Monday, April 19, 2010

The stages of grief

I majored in psychology for 2 years before I had to stop (I won't get into why I had to, but I just want to say it wasn't because I wanted stop, or that I didn't want to finish).  Anyone who has studied psychology even passingly has probably come across the Kubler-Ross model of the 5 stages of grief.  Now, many people try to use this as an example for people dealing with grief of the death of a loved one, but it doesn't really fit.  Ms. Kubler-Ross was actually identifying the stages of grief for someone who has received the diagnosis of a terminal illness.  For the death of a loved one, I actually like this one.
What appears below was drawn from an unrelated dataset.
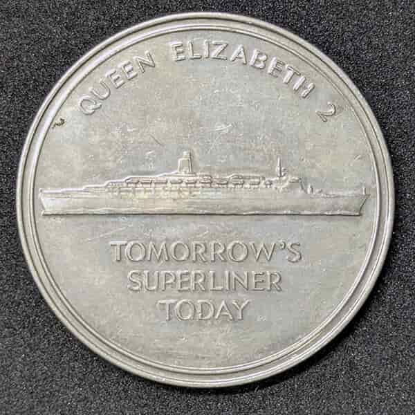 Anverso: Presenta el perfil detallado del majestuoso buque de pasajeros navegando. Le acompaña la leyenda superior «QUEEN ELIZABETH 2» y el histórico eslogan publicitario en el exergo: «TOMORROW’S SUPERLINER TODAY» (El supertransatlántico del mañana, hoy).

Either way, though, it's a bit misleading.  They outline a process where you progress forward from one stage to another.  When you move to the next one, you're "done" with the previous one, and at the end....you're "done" grieving.  In my experience that's not it at all.  Each one of those stages is very valid, but I think I'm going to call them "phases" instead.  Grief has several different emotional "colors," and each phase is dominated by one of those emotions.

But moving from one to the other doesn't mean that you're "done" with the one or that they go in order or in any way that makes sense.
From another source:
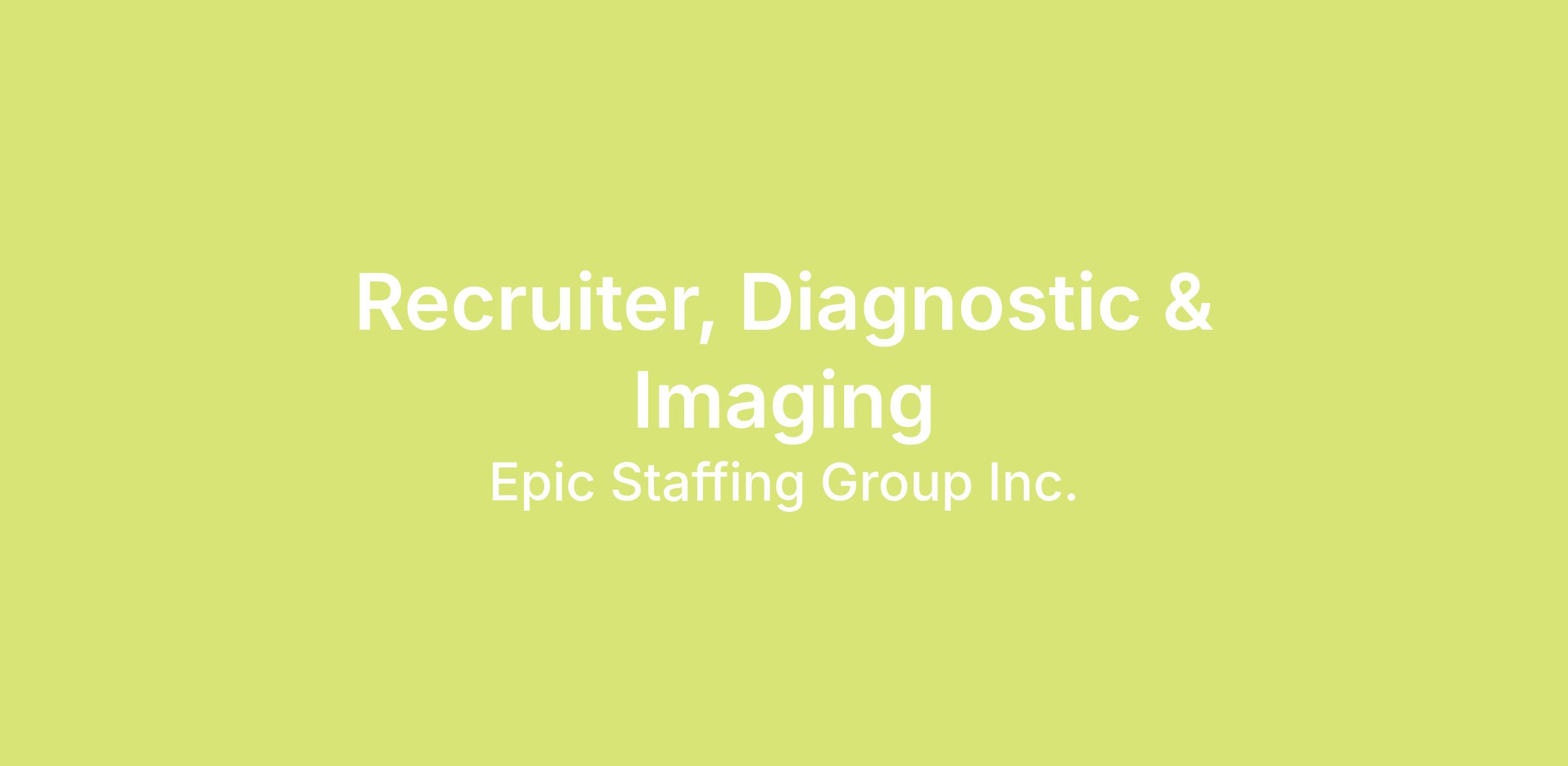 Epic Specialty Staffing, Diagnostic and Imaging Division, is looking for a Recruiter, Diagnostic & Imaging who will be responsible for managing the end-to-end recruitment process for Epic Staffing Group’s Specialty Strategic Business Unit, Diagnostic and Imaging division.

To me it's like the universe is playing pinball, and I'm the ball.
Something triggers it, and my grief explodes in an unpredictable pattern, going through one or another phase and not stopping at others at all.  Sometimes I can see it coming, and I brace myself, and I am lobbed gently through the pins, only touching one or two for a brief moment before gently coming to rest again.  Other times it comes out of nowhere, and I violently ricochet from one to another and back again, bouncing around, dizzy, and it takes a while to recover.

When I first lost Cora, after I'd recovered from the shock enough to think for a bit, I thought of the model of the stages of grief.  I was grateful for my knowledge, because I felt a little more "prepared" for my journey.

The universe has had the last laugh though.

1 comment:

  1. woo. We were thinking alike. Someone wrote on my FB page that they were in a class taught by a clinical grief expert that lost her son. She said when a child dies, all rules get thrown out the window with dealing with grief. Totally different ball game.